Modeling sea-level processes on the US Atlantic Coast

One of the major concerns engendered by a warming climate are changing sea levels and their lasting effects on coastal populations, infrastructures, and natural habitats. Sea levels are now monitored by satellites, but long-term records are only available at discrete locations along the coasts. Sea levels and sea-level processes must be better understood at the local level to best inform real-world adaptation decisions. We propose a statistical model that facilitates the characterization of known sea-level processes, which jointly govern the observed sea level along the United States Atlantic Coast. Our model not only incorporates long-term sea level rise and seasonal cycles but also accurately accounts for residual spatiotemporal processes.
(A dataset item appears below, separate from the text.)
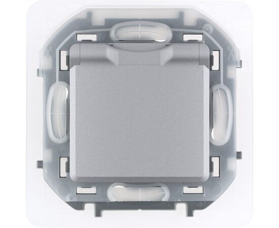 Inspiria - Розетка 2P+E нем. стд. с крышкой, со шторками IP44 (алюминий)
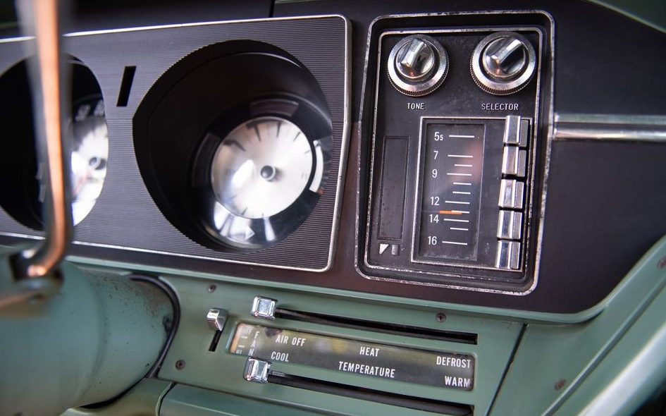 The very green interior looks great. The simplicity of the instrument panel is appreciated. While exposed screwheads wouldn’t cut it today, they sure made servicing instrument panel components easy. The original, vertically stacked radio, complete with an AMC logo, is just perfect!

By combining a spatially varying coefficient modeling approach with spatiotemporal factor analysis methods in a Bayesian framework, the method represents the contribution of each of these processes and accounts for corresponding dependencies and uncertainties in a coherent way. Additionally, the model provides a consistent way to estimate these processes and sea level values at unmonitored locations along the coast. We show the outcome of the proposed model using thirty years of sea level data from 38 stations along the Atlantic (east) Coast of the United States. Among other results, our method estimates the rate of sea level rise to range from roughly 1 mm/year in the northern and southern regions of the Atlantic coast to 5.4 mm/year in the middle region.